235
votes

I currently have just under a million locations in a mysql database all with longitude and latitude information.

I am trying to find the distance between one point and many other points via a query. It's not as fast as I want it to be especially with 100+ hits a second.

Is there a faster query or possibly a faster system other than mysql for this? I'm using this query:

SELECT 
  name, 
   ( 3959 * acos( cos( radians(42.290763) ) * cos( radians( locations.lat ) ) 
   * cos( radians(locations.lng) - radians(-71.35368)) + sin(radians(42.290763)) 
   * sin( radians(locations.lat)))) AS distance 
FROM locations 
WHERE active = 1 
HAVING distance < 10 
ORDER BY distance;

Note: The provided distance is in Miles. If you need Kilometers, use 6371 instead of 3959.

15
The formula you give seems to have a lot of elements that are constant. Is it possible to pre-compute data and store those values as well in your DB? For example 3959 * acos( cos( radians(42.290763) ) is a constant but has 4 major computations in it. Instead could you just store 6696.7837?Peter M
Or at least pre-compute constants outside of the query?
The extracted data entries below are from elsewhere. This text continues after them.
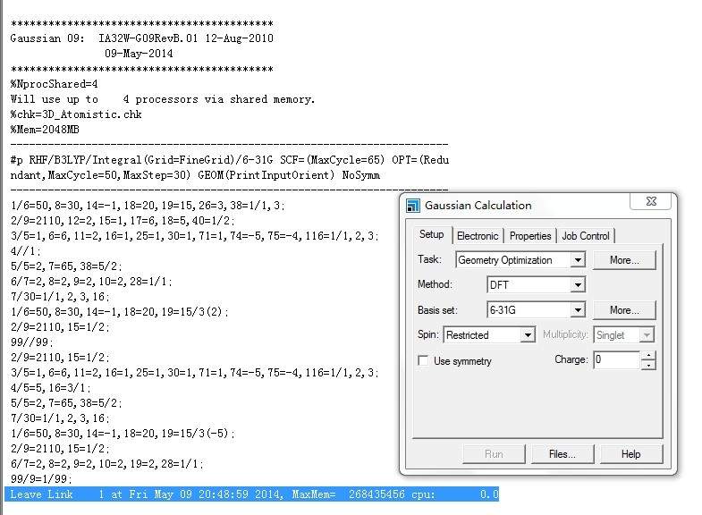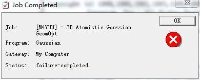 楼主你的问题解决了吗?我跟你一样, 我也是一开始运行出错,是因为没有装高斯软件,现在装上了,跟你一样的错误。。。不知道怎么处理。求解答!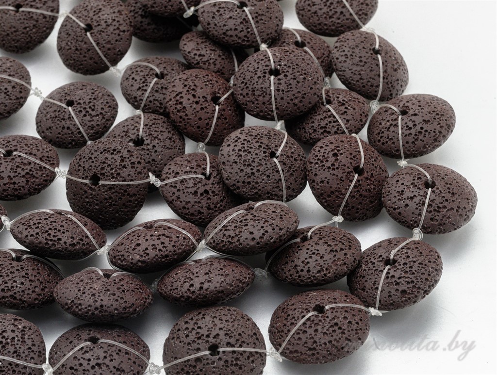 Покупайте по лучшей цене в Минске лаву вулканическую. Размер: 26 х 12 мм. Цвет: коричневый. Бусины выпуклые, диски большие
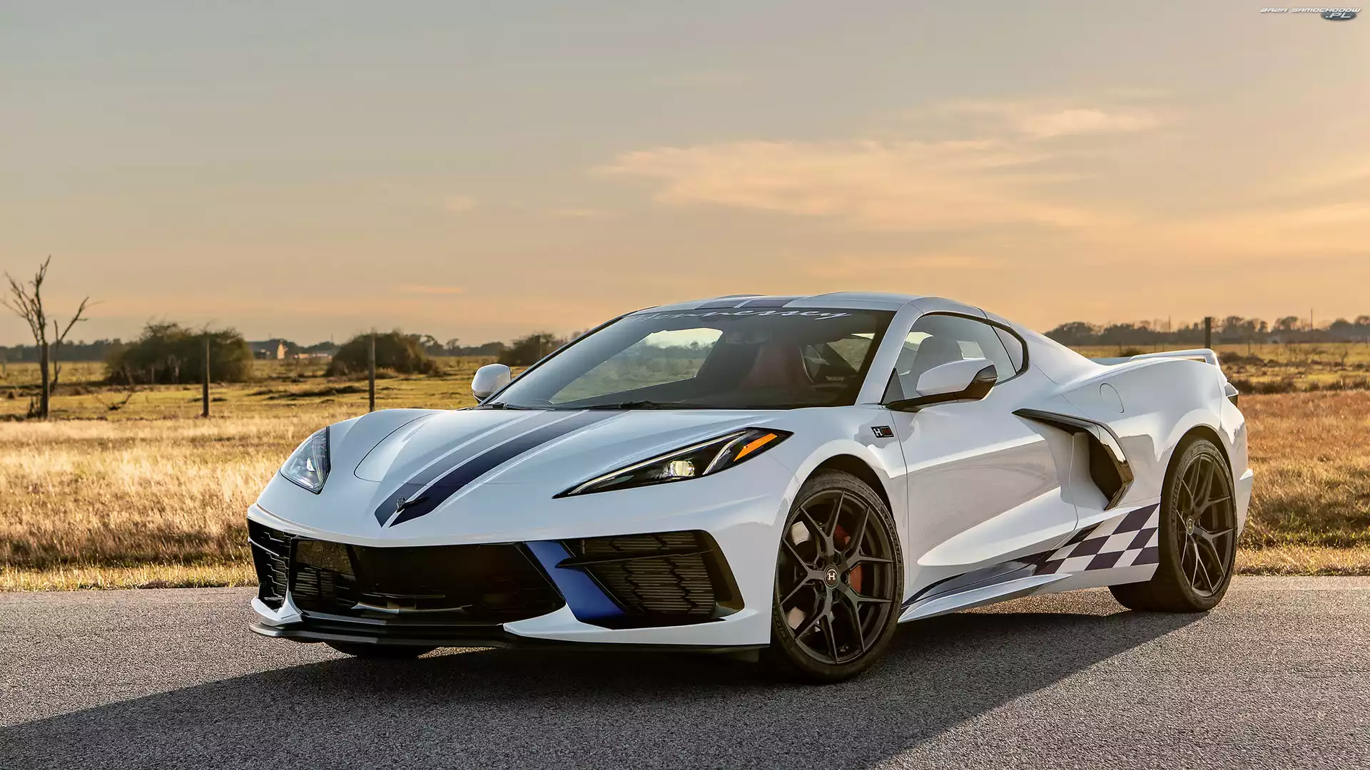 Samochód: Łąka, Pobocze, Niebo, Chevrolet C8 Corvette Stingray, 2023, Hennessey Supercharge H700, Przód, Biały
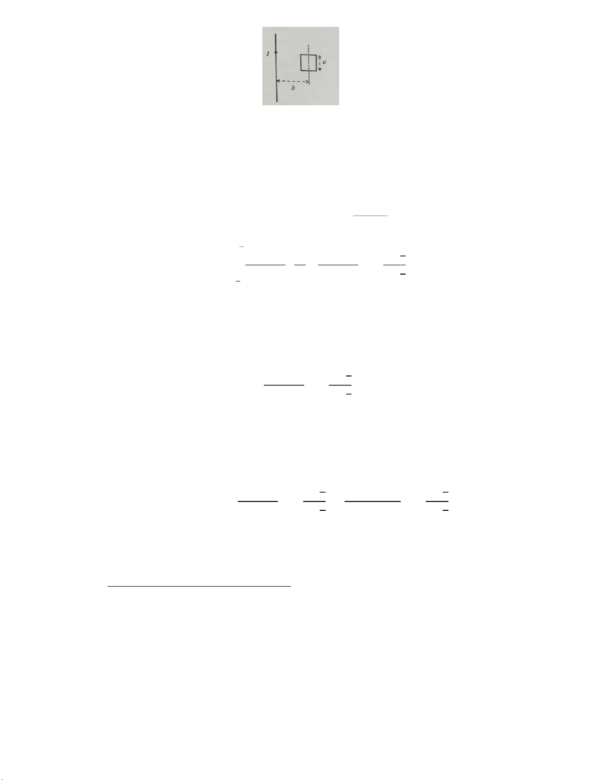 𝑑𝑖𝑒𝑛 𝑡𝑖𝑐ℎ 𝑘ℎ𝑢𝑛𝑔 𝑑𝑎𝑦 ; 𝐵 = 𝜇0∗ 𝐼2 𝛷 = ∫𝐵𝑑𝑆 2 ∗ 𝜋 ∗ 𝑥 𝑏+𝑎2 2 ∗ 𝜋 ∗ln (𝑏 + 𝑎 ⇒ 𝛷 = ∫𝜇0∗ 2 𝐼 = 2 𝜇∗ 0 𝑎 2 ∗ ∗ 𝐼2 𝜋 ∗ ∗ 𝑎 𝑑𝑥 2 𝑥 𝑏 − 𝑎2) 𝑏−𝑎

That will cut down on the work that has to be done.Peter M
@Peter M It seems likely that any decent SQL database would optimize so that was computed only once.mhenry1384
For those wondering, 42.290763 is the latitude and -71.35368 is the longitude of the point from which to compute the distances.user276648
Just for info ,Distance caluclated by this formula is in miles ,not in kilometers.Please Replace 3959 to 6371 to get results in kilometersSahil

15 Answers

119
votes
  • Create your points using Point values of Geometry data types in MyISAM table. As of Mysql 5.7.5, InnoDB tables now also support SPATIAL indices.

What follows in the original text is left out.